Matty sighed. “Men.” She nuzzled the drowsy baby in her arms. “I can teach you a lot of things, Elizabeth. I can show you how to ride like the wind without falling off, how to quiet a spooky herd of cattle and how to swing the sweetest rope in this valley. But when it comes to men, I don’t have a single bit of advice to give you.”
Shifting the baby’s weight awkwardly so she could pull out a dining room chair, she sat down to wait for that idiot man who was going to freeze his butt to prove a point.
THE NIGHT AIR bit right through Sebastian’s shirt and jeans as he hurried down to the barn. Seeing things through Matty’s eyes, he felt like a damn fool for making Fleafarm bunk down in the barn. But hell, he hadn’t had a date in fourteen years and the process had intimidated him into doing stupid things.
Maybe he should give up on women entirely. Except he didn’t really have that option now, not if Elizabeth was his. He had to find Jessica and discover the truth. If he was Elizabeth’s father, then he’d talk Jessica into marrying him. He’d had to grow up without both parents around, but he’d be damned if his kid would go through the same thing.
He slid back the bolt and opened the heavy barn door. Instead of turning on a light and getting the horses agitated, he whistled softly for Fleafarm in the darkness.
Tags jingling, she trotted toward him and shoved her wet muzzle in his hand.
“Come on, girl. You’ve been sprung.” He held the door open for the dog, then closed it securely after her.
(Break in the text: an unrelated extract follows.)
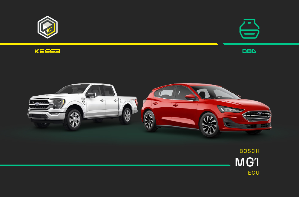Moderne Ford-Benzinmotoren – EcoBoost, Mild-Hybrid und Hochleistungsvarianten (Raptor) – nutzen Bosch MG1-Steuergeräte mit komplexer Softwarelogik, integrierter Hybridsteuerung und fortschrittlichen Turboregelstrategien. Mit diesem Release ermöglicht KESS3 auch auf diesen Plattformen den direkten OBD-Zugriff und öffnet damit den Zugang zur neuesten Generation von Ford-Benzinmotoren. Von kompakten Mild-Hybrid-Modellen bis hin zu leistungsstarken Turbo-Konfigurationen und großen V8-Motoren für professionelle Anwendungen – Lesen und Schreiben erfolgt unkompliziert über die Diagnoseschnittstelle. Technischer Fokus Verbindung: OBD ECU: Bosch MG1CS016 GEN II Bosch MG1CS040 Bosch MG1CS055 Bosch MG1CS060 Baujahre: ab 2017 Marke: Ford Unterstützte Fahrzeuge Ford Ecosport, Fiesta, Focus, Kuga, Puma, Transit Connect, Transit Courier, F-250 Super Duty, F-350 Super Duty, F-450 Super Duty, F-550 Super Duty, F-650 Super Duty, F-750 Super Duty, Ranger, Bronco, C-Max, Edge, Escape, Explorer, Maverick, Mondeo, F-150.

Fleafarm was of mixed ancestry. She had the rusty coat of a setter, four white socks and a temperament that hinted of a Border collie lurking somewhere in her background, and the body composition of a retriever.
Sebastian had found her wandering on the road, bedraggled and pregnant, eight years ago. Barbara’s impulsive nickname had stuck, but Sebastian often wished he’d insisted on a more flattering handle for the animal. Fleafarm was one great dog.
She glanced back at him as if asking for permission to go into the house. With a stab of guilt, he realized Matty had been right. The dog had thought she was being punished.
“Go on. It’s okay.”
With a little whine of delight, Fleafarm bounded up to the back door and stood there wagging her plume of a tail, her breath making clouds in the cold air. Sebastian felt like a total heel.
And he felt damned cold, too. The warmth of the house wrapped around him like an embrace when he went into the kitchen with Fleafarm. He rubbed his hands together and blew into them.
From the dining room came the sound of Elizabeth fretting. She wasn’t crying, thank God, just fussing. Fleafarm stopped dead in her tracks and lifted her floppy ears.